Your goal:
Below, some lines carry pictures; leave those pictures out and retype exactly the lines from the one with "This **Zoolora Cat" through the one with "清代朱红色漆器方盘5个,木胎".
───── Provided information
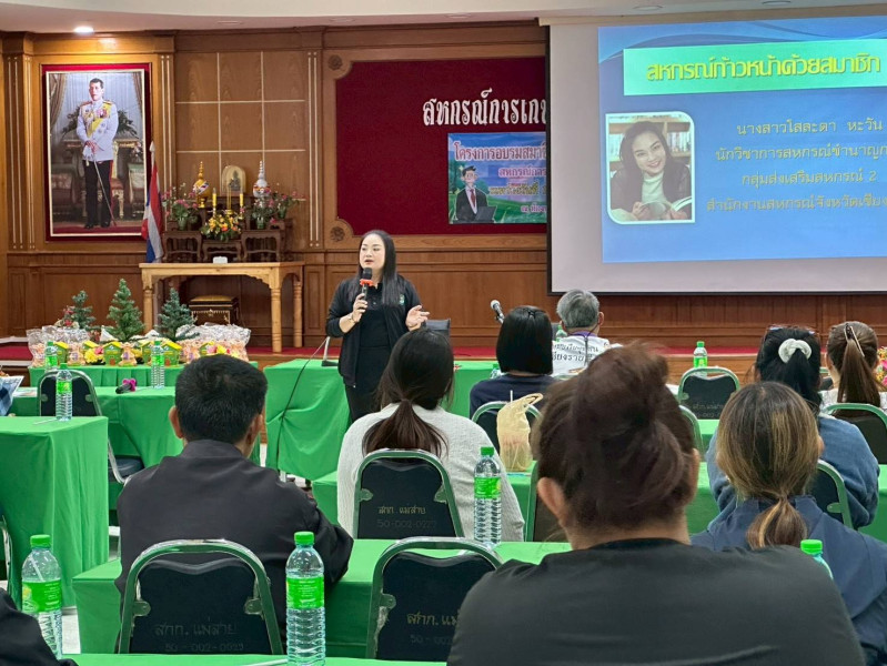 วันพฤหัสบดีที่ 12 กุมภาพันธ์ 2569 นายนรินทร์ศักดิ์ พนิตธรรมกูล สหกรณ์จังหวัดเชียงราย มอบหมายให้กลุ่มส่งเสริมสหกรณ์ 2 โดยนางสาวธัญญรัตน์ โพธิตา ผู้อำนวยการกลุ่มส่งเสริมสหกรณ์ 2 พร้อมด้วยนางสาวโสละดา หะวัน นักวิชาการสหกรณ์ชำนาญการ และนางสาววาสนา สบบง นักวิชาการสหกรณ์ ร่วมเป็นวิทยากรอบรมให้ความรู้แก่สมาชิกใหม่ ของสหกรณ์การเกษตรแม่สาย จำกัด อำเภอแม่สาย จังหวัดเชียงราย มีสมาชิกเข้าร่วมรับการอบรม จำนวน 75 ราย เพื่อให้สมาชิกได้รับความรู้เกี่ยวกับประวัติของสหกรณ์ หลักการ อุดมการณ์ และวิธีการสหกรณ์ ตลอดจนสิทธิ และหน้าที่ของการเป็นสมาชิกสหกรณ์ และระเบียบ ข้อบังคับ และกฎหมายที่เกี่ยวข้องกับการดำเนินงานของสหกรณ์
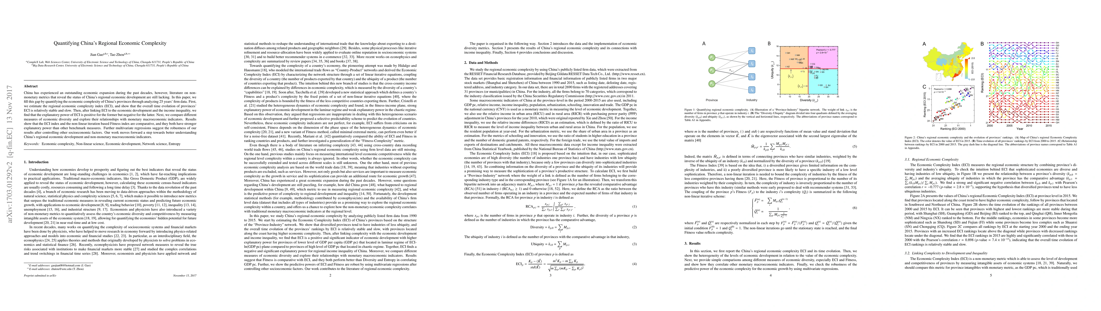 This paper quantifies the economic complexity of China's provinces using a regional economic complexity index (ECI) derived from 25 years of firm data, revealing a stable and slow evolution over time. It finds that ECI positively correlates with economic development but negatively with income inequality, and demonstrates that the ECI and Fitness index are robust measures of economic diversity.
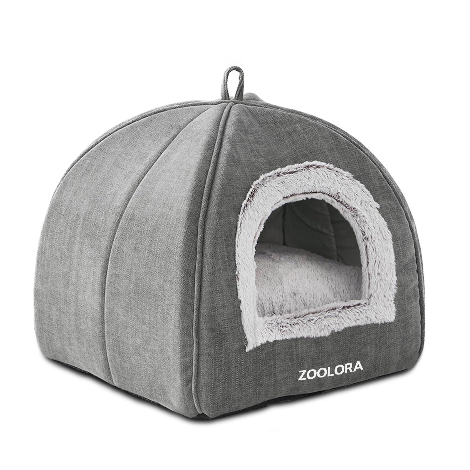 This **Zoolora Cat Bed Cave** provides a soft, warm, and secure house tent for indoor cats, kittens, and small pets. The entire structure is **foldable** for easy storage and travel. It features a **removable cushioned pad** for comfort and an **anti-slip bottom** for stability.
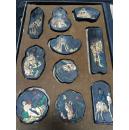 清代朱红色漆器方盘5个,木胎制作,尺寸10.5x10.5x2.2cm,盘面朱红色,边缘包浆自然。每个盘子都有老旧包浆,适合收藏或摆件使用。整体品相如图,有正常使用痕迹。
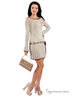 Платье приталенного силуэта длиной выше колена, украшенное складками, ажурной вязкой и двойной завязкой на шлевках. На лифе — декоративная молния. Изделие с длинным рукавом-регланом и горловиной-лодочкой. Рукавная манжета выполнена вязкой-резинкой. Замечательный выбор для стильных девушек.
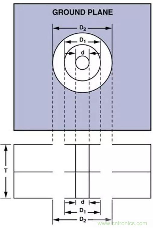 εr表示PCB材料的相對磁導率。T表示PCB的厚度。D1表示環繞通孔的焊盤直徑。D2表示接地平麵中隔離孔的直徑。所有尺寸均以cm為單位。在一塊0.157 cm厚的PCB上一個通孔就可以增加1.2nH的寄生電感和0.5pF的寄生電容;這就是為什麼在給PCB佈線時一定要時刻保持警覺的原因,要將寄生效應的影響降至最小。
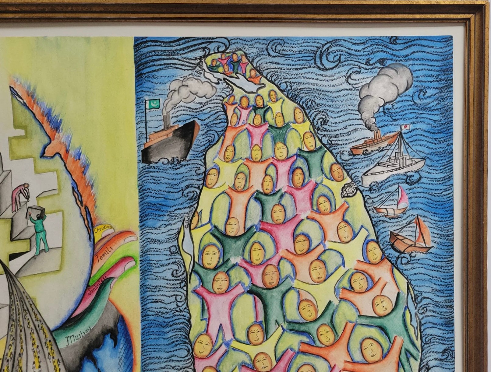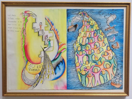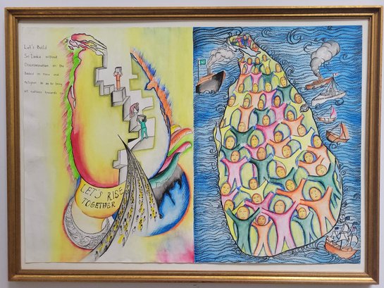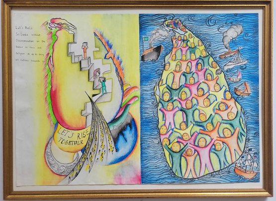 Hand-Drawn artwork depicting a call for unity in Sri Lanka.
──────────
───── Provided information
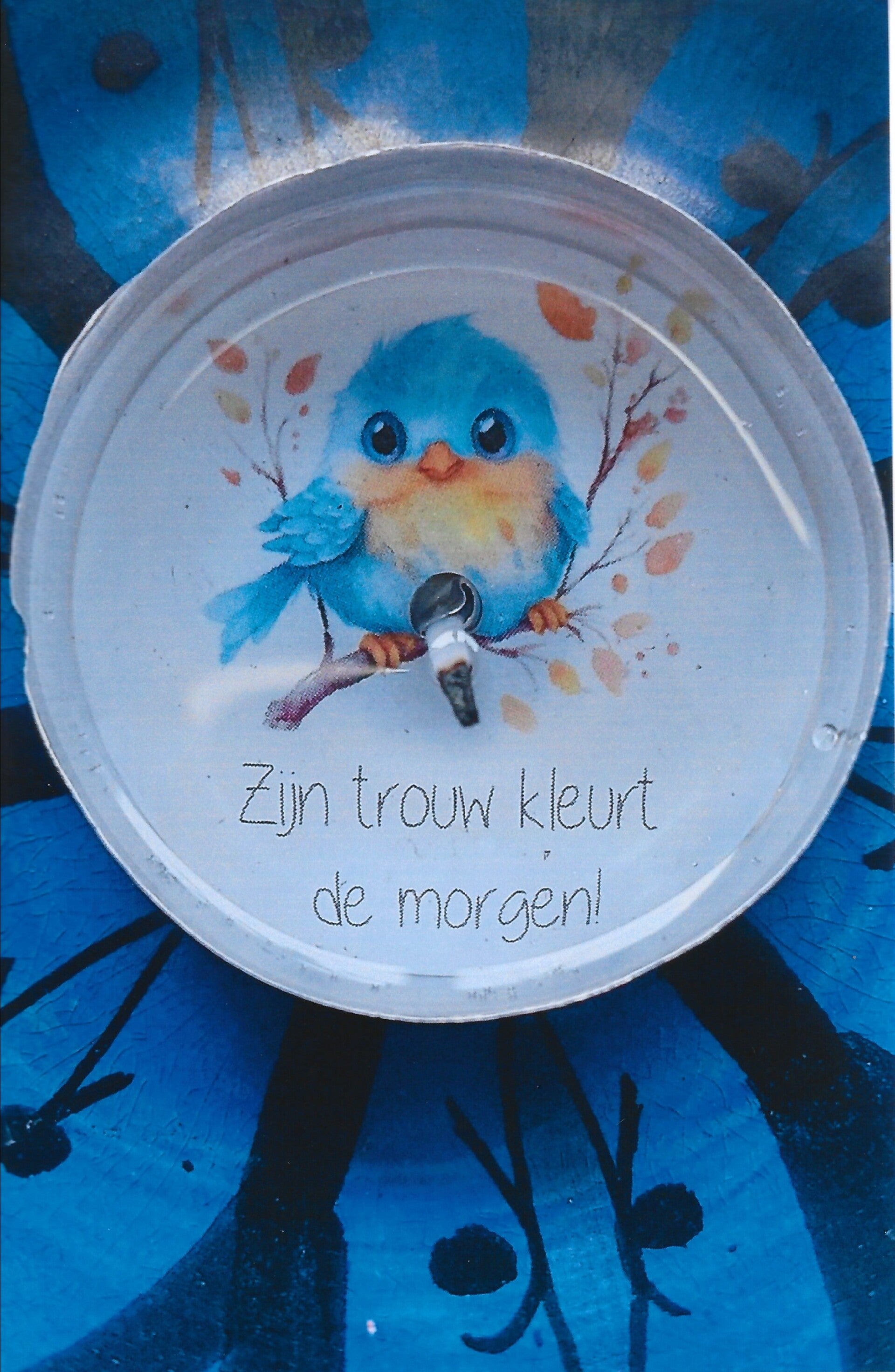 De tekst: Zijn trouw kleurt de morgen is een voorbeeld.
──────────
───── Provided information
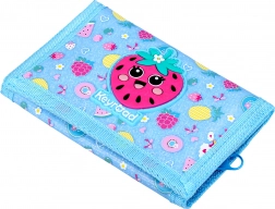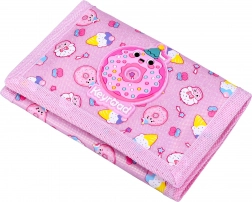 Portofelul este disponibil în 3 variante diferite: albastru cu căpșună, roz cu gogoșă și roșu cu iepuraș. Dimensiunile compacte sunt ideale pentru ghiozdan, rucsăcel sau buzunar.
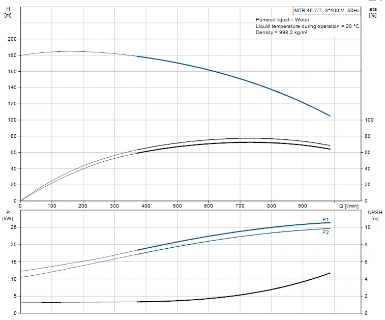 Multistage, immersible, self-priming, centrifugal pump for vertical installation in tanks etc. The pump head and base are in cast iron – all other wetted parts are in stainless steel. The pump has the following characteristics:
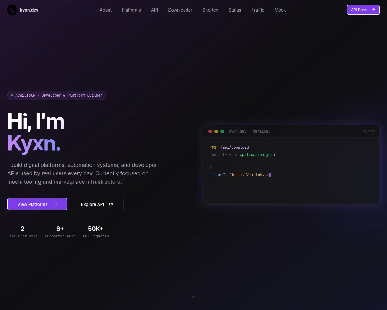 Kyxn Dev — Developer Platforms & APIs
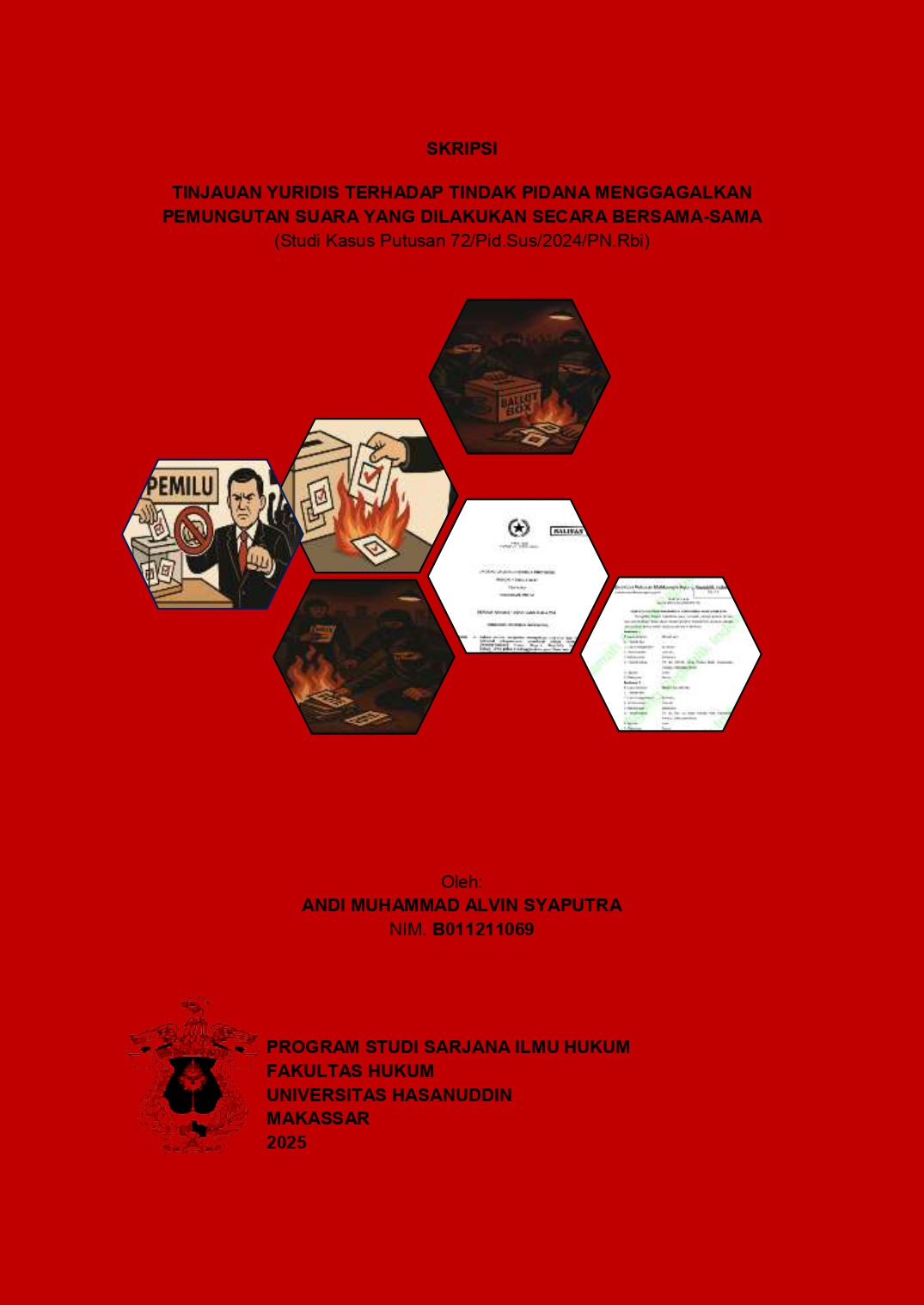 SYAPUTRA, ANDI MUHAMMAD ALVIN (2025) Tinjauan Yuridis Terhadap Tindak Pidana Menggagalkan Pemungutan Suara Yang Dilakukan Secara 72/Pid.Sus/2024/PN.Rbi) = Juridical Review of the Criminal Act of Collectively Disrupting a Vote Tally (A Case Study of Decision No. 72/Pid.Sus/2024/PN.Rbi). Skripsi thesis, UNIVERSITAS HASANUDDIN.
──────────
Answer section:
 This **Zoolora Cat Bed Cave** provides a soft, warm, and secure house tent for indoor cats, kittens, and small pets. The entire structure is **foldable** for easy storage and travel. It features a **removable cushioned pad** for comfort and an **anti-slip bottom** for stability.
 清代朱红色漆器方盘5个,木胎制作,尺寸10.5x10.5x2.2cm,盘面朱红色,边缘包浆自然。每个盘子都有老旧包浆,适合收藏或摆件使用。整体品相如图,有正常使用痕迹。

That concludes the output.